Addison was a tech, clearly chosen not only to be threatening but to look it. His head brushed the ceiling; his arms bulked twice Jackson’s in diameter. And probably augmented as welclass="underline" muscles, vision, reaction time. He surveyed the room professionally. Beside him Lizzie looked like a very small, very scrubbed, very fearful doll dressed in Kelvin-Castner green disposables. She threw herself at Vicki and clung. Jackson expected to hear Vicki making maternal cluckings, but this was not happening.
“Come on, Lizzie,” Vicki said, “reassemble yourself. You can’t tell me that the all-conquering datadipper gets tearful over a little deep lavage. You’ve gone deeper into government holes than Decon scrubbers just went into yours.”
Lizzie laughed. Shaky, but still a laugh. Vicki’s bawdy tartness had braced Lizzie. Jackson would never understand women.
“Now,” Vicki said, “sit down right there and tell us what you found. No, ignore the monitors. It’s fine if K-C knows that we know what we know. Do you want some coffee?”
“Yes,” Lizzie said. She looked calmer. Her hair, with no time to pull at it since Decon, lay flat and clean against her scalp. Addison finished his survey of the room and took up a position between Lizzie and the open door of the alcove.
Vicki said, “So what do we know?”
Lizzie sipped her coffee and made a face. Jackson realized she wasn’t used to the real thing. He sat down across from her, watching quietly.
“We know that Kelvin-Castner made a probability model for research on the fear neuropharm that… that Dirk has.” Lizzie’s voice faltered for only a moment. “I can’t understand most of it. But it looks like a program would furnish data to Dr. Aranow along a pre-set path. Some points on the flag had bolstered Lehman-Wagner equations for reliability… depending on what Dr. Aranow asked, the decision tree furnished consistent data. I think. What I could tell was that every branch of the tree ended in inconclusive equations.”
Jackson said calmly, “How do you know the data wasn’t actual?”
“The dates on most of the stuff was in the future.”
“Projected experiments…”
“I don’t know,” Lizzie said flatly. “How would I know?” Jackson saw that he mustn’t argue with her; her confidence might deflate again as suddenly as it had ballooned.

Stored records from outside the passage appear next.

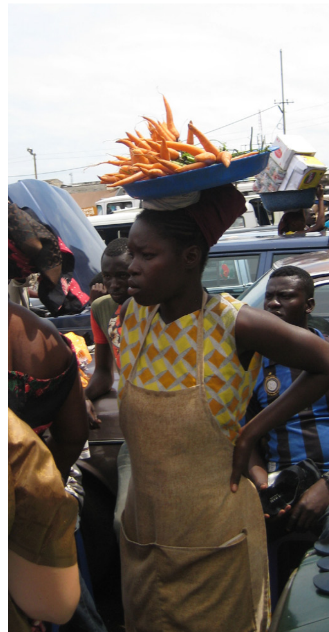
A woman working as a Kayayei, a head porter, in the Accra market.

In addition to the workshops, WIEGO and ILGS organized dialogue sessions between the traders and vendors on one hand and service providers and local government authorities on the other hand. To start with, as part of these workshops,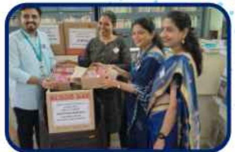
PROJECT AASHRAY NATURAL CALAMITY RELIEF ACTIVITY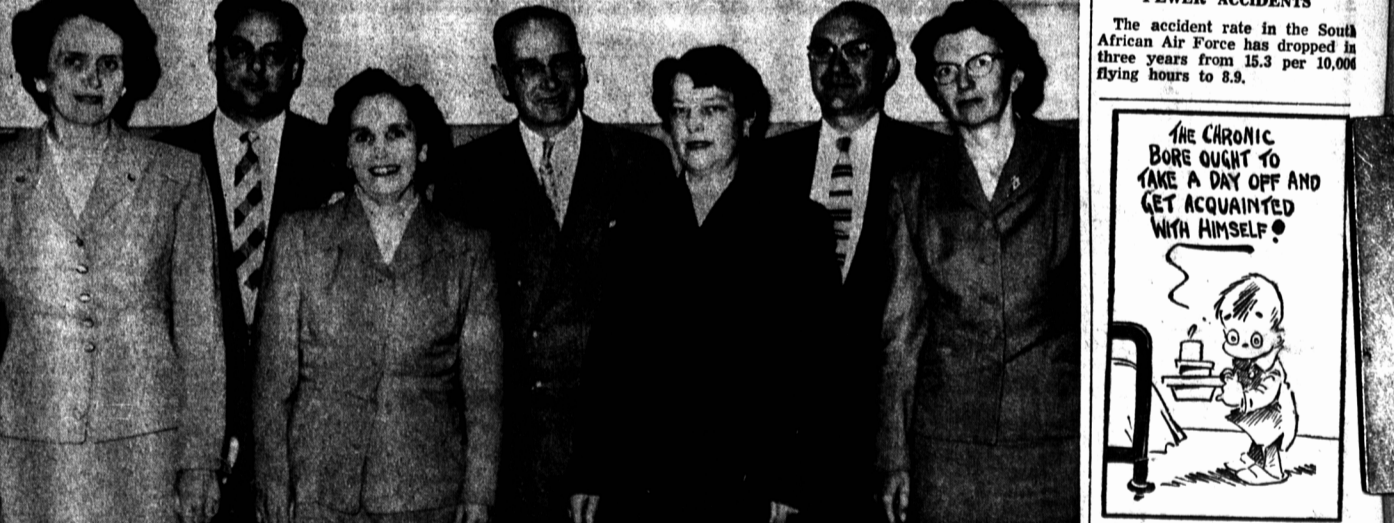
PICTURED ABOVE are the members of the new executive of the P.E.I. Music Festival Association who were elected to office at last night's meeting held at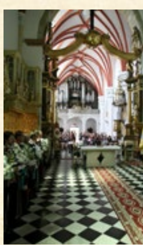
Interior of the Order of the Holy Sepulcher church and monastery, Holy Mass during the parade Turks.

The inside of the church was exceptional. The high altar, called the Great Altar, with a figure of crucified Christ, embellished with figural and plant motives, was made in 1693 and funded by the then provost Franciszek Chodowicz to celebrate the 300th anniversary of the parish. Inside the church we can find also a bronze font from 1400, the epitaph painting of the founder of the church, Rafał Tarnowski with his family from about 1492 and 15th century tombs of Rafał Tarnowski and Anna of Szamotuly, 17th century choir stalls with glassed balcony for Lubomirski family over them, lavishly carved pulpit with figures of saints from 1713 and baroque side altars and organ gallery. Moreover, there are 18th century paintings by Observant painter Franciszek Lekszycki in the church.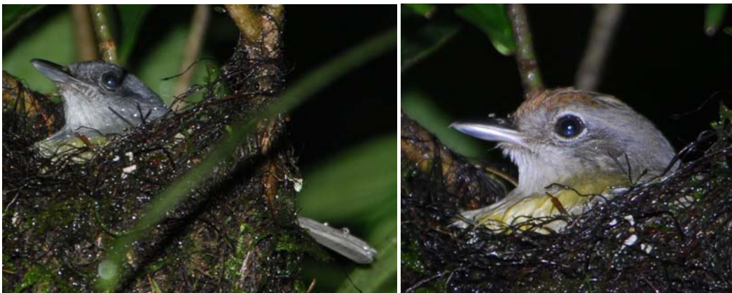
Plain Antvireo (male and female)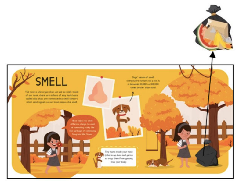
Figure 10. Sense of Smell Pages (Sergio, 2020)

afternoon by using yellowish orange and brown. These colors give a pleasant fragrance and fresh atmosphere. On this page, the reader is given an interactive activity by kissing a flower drawing that is held by this child character. It smells a nice, light and soft fragrance like we smell real flowers. Another activity is on the right page, where the character of a child is covering his nose because of an unpleasant odor, when the black plastic trash image is opened, an image of food waste is visible which causes an unpleasant smell (Figure 10).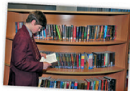
Borrowing a book from Newman Resource Centre

As per the school rules, pupils and students must be organised. They need to take responsibility for being equipped with the right stationery, books, PE kit and any other items needed for the school day.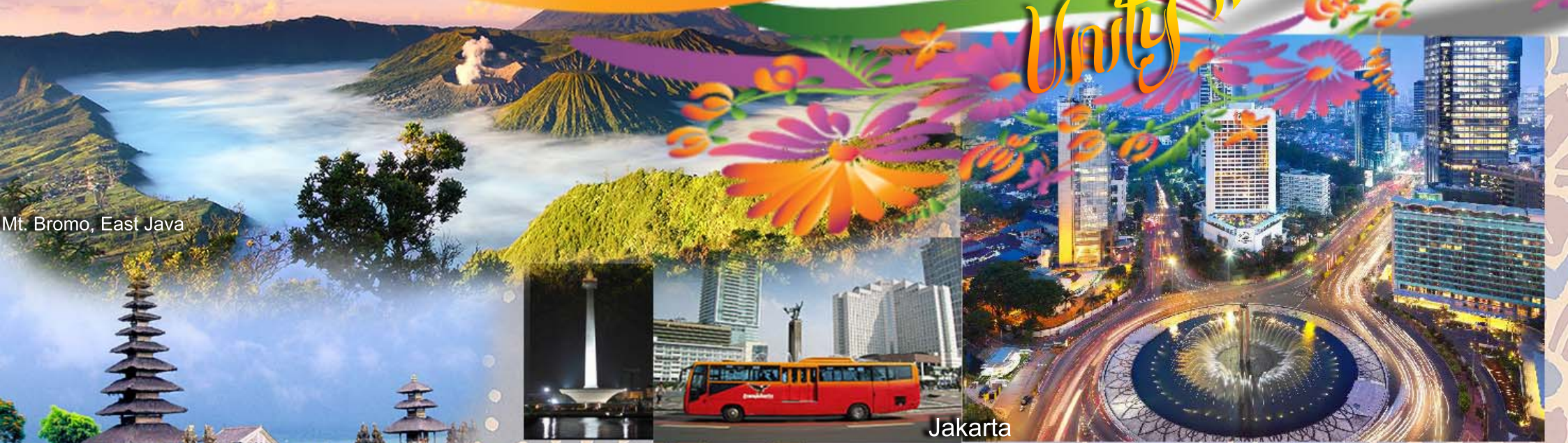
Mt. Bromo, East Java

Vicki said smoothly, “None of us will know until the terminal is unsealed and you can examine the data directly, Jackson. But it certainly sounds like a tool for contract smashing, doesn’t it?”

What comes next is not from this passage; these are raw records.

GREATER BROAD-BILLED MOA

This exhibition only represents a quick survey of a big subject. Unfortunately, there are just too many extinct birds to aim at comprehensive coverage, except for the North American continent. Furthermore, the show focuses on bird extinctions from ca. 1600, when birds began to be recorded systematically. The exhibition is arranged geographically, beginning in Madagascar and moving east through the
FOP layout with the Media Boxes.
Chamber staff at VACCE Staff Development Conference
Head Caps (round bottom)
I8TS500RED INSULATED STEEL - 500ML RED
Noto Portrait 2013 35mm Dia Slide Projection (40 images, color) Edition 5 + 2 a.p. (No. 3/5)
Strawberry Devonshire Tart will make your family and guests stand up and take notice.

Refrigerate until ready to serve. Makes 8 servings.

Jackson said, “It does.” A large cold rage was rising in him, quietly, like black, still water. Had Cazie known?
Lizzie said, “The probability model was cross-referenced with a bunch of stuff about you, Dr. Aranow. A customized psych program.” Lizzie blushed.
So Cazie had known.
Jackson rose, but after he was on his feet, there was no place to go. Lizzie clearly wasn’t done. His cold black anger seeped higher.

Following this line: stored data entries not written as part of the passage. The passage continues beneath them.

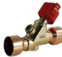
The electronic expansion valve allows an improvement of performance.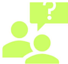
Support your student colleague (Staff rep only)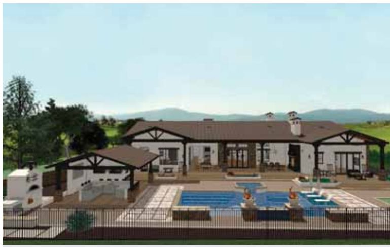
6356 INSPIRATION TERRACE ▲ $6,750,000 PLEASANTON NEW CONSTRUCTION | 6,681 +/- SQ. FT.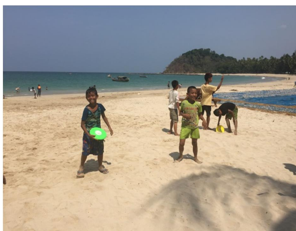
Practicing with their new toys.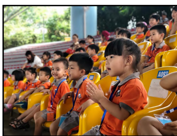
KIK's students watching the dolphin show

Finally, the office team, are always willing to answer all questions from parents 24/7, so please don't hesitate to contact us anytime for any matters related to the study of your children.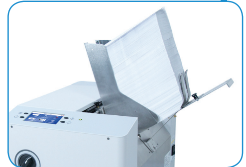
Integrated feeder holds up to 500 envelopes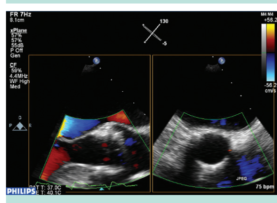
After the TAVR procedure, Gellert checks the results. The image on the right shows the new valve in place, without any paravalvular leak.

Gellert uses 3D ultrasound and Philips QLAB to precisely measure the aortic annulus. By using multi-planar reconstruction planes (red, green and blue MPRs), he can reconstruct an ellipse (shown in yellow) that marks the annulus, and then measure it accurately. Although the annulus is an ellipse, it conforms to the circular shape of the artificial valve once the valve is placed.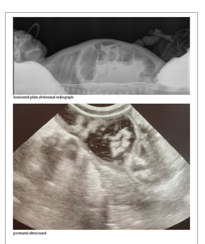
FIGURE 2 | Abdomen X-ray in the first day of life, horizontal radius (Top) . Abdominal ultrasound examination showing significantly distended intestinal loops of the newborn (Lower) .

After initial improvement, the patient's condition deteriorated once again and he suffered abdominal bloating, weight loss and irritability; positive fecal occult blood was also noted. The diagnosis of sepsis was made on the basis of blood cultures. Rehydration, total parenteral nutrition, omeprazol and antibiotics consistent with sensitivities were administered. After markers of infection decreased, oral re-feeding was initiated, with the mother's milk. Breast milk intolerance, however, was noted, despite the mother's adherence to a non-dairy diet. Introduction of a hypoallergenic amino acid formula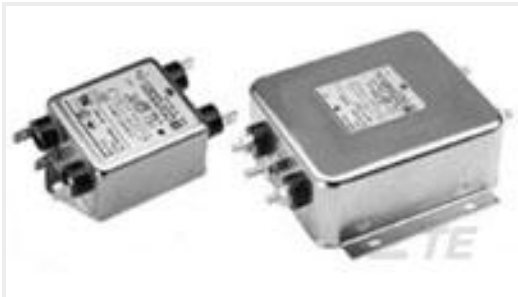
TE Part #6609044-4 20VW1=F7257 S0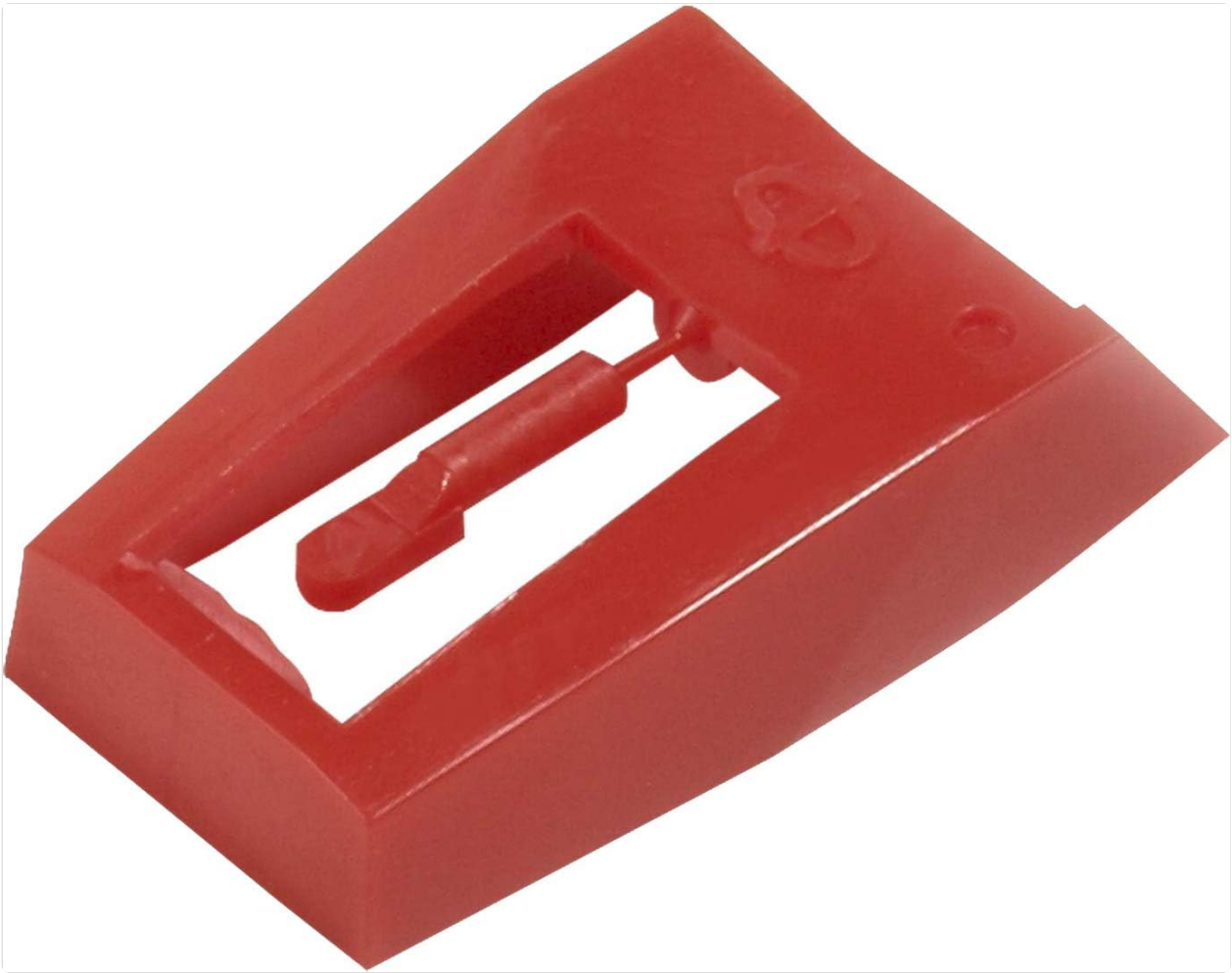
Image: The Crosley NP1 Replacement Needle, showcasing its red plastic housing and diamond stylus.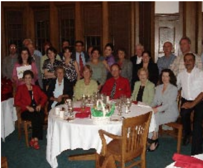
Azerbaijan Participants at the farewell dinner with host families and ICW staff at the Clark University Faculty Dining Hall.

Safety and Medical Error Reduction in Boston, the Massachusetts Medical Society, the New England Journal of Medicine, the City of Worcester Department of Health, the Worcester Water Treatment Plant in Holden, the Mass. College of Pharmacy, Quinsigamond Community College, Unicare Insurance Company, the Worcester Telegram & Gazette, Hospices Services of Western Mass., the Central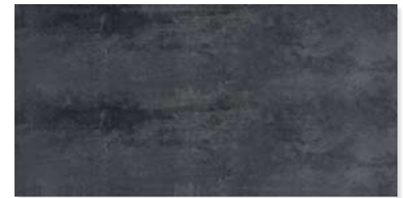
24 x 48 (23 5 / 8 x 47 1 / 4 ) FQ3T454161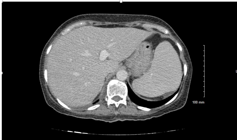
FIGURE 1: CT scan of the abdomen showing hepatosplenomegaly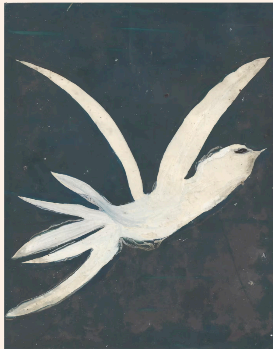
'White Bird' (c1975)

Precision often merges with a kind of hallucinatory ecstasy. The sun rises and sets in lurid glory over meadows and beaches, spreading lavender, mauve, orange and crimson in its wake. Dawn spurts from a mountaintop like lava from an active volcano, spreading beams of divine exaltation. Twilight blurs into bands of luminosity.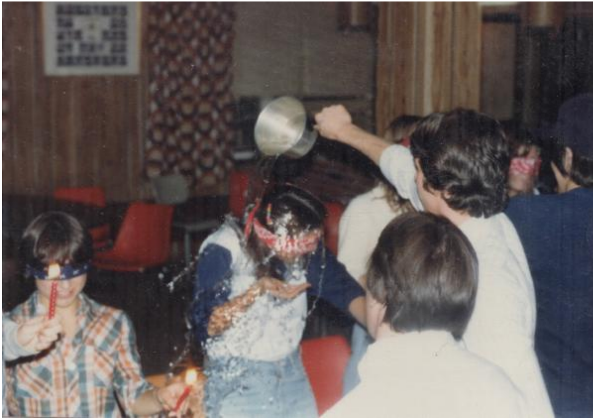
Buck found a new way to put the candles out

Vicki said, “Good work, Lizzie. But that’s not all, is it? Why did you want so badly to join us in the biosafe area?”
Lizzie’s hand shook. The rest of her coffee spilled. “Vicki—”
“No, say it. Here. Now. So everybody knows what K-C knows.”
Lizzie’s head still shook, but her voice was steady. “There were other probability models in the deep data. Simpler ones, so I could understand them, me. They showed various probabilities of mutation of the original neuropharm. Or maybe not the original, it, maybe something it makes. That part was hard. But the models for different paths… the models…”
“Give me the Tollers average,” Jackson said coldly. “The average probability was for direct transmission of the infection, wasn’t it? From person to person, through Nielson cells in bodily fluids. What was the Tollers probability?”
Vicki said, her voice scaling upward in surprise, “You knew?”
“I guessed. I hoped I guessed wrong. But this kind of delivery vector is notoriously unstable, mutates all the time… Lizzie. What’s the Tollers probability for mutation to an airborne form that could survive independently, outside either laboratory cultures or the human body?”
“Point oh three percent.”
Low. The designer—whichever the hell Sleepless it was—of the original vector—whatever the hell it was—had at least done everything he could to prevent uncontrollable, worldwide airborne infection. At least he had done that. “And for mutation to an independent form capable of direct human-to-human transmission?”